Catalogne: L’arrestation de Puigdemont fragilise les négociations

Après plus de 1400 jours en exil, l’ex président de Catalogne et eurodéputé Carles Puigdemont a été arrêté ce jeudi par les autorités italiennes. Un raz-de-marée qui divise la scène politique espagnole, et met en danger la récente reprise des négociations entre l’autorité centrale et le gouvernement régional catalan.

« Quand on vous tend la main d’un côté, et qu’on vous met une claque de l’autre, comment voulez-vous avoir confiance ? » réagit avec colère Daniel Camós, délégué du gouvernement de Catalogne en France, à l’évocation de l’arrestation de l’ex-président de la région autonome Carles Puigdemont, par les autorités italiennes ce jeudi soir. Il se rendait en Sardaigne dans le cadre d’un festival culturel catalan.

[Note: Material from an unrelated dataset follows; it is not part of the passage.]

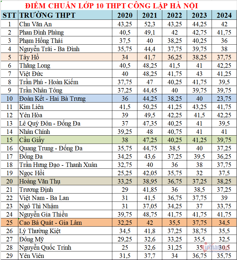 Nếu xét tổng quan trong 5 năm gần đây, chỉ riêng năm 2021, mức điểm chuẩn có phần cao hơn hẳn bởi kỳ thi vào lớp 10 ở Hà Nội năm đó được tổ chức với 4 môn thi.

« Double discours », « assez de répression »: Cette arrestation ravive les passions en Catalogne. Alors que quelques quatre cents personnes manifestent depuis 9h ce matin devant le consulat italien à Barcelone, cet événement remet en cause le récent réchauffement des relations entre le pouvoir central et régional. Accusé de détournement de fonds publics, de sécession… Carles Puigdemont fuyait l’Espagne depuis l’organisation du référendum d’indépendance qui avait agité le pays en 2017

Le contexte n’est pas anodin : l’arrestation de l’ex-président de Catalogne intervient une semaine après la table ronde entre le chef du gouvernement central Pedro Sanchez et le gouverneur régional de Catalogne Pere Aragonès, le 15 septembre. Les deux élus en avaient chacun dressé un bilan en demi-teinte. « Nos positions sont très éloignées, mais nous avons convenu que le dialogue est la meilleure façon d’avancer », avait déclaré le chef de l’Etat. Mais pour tous, un seul objectif : essayer de sortir de cette crise politique latente depuis dix ans.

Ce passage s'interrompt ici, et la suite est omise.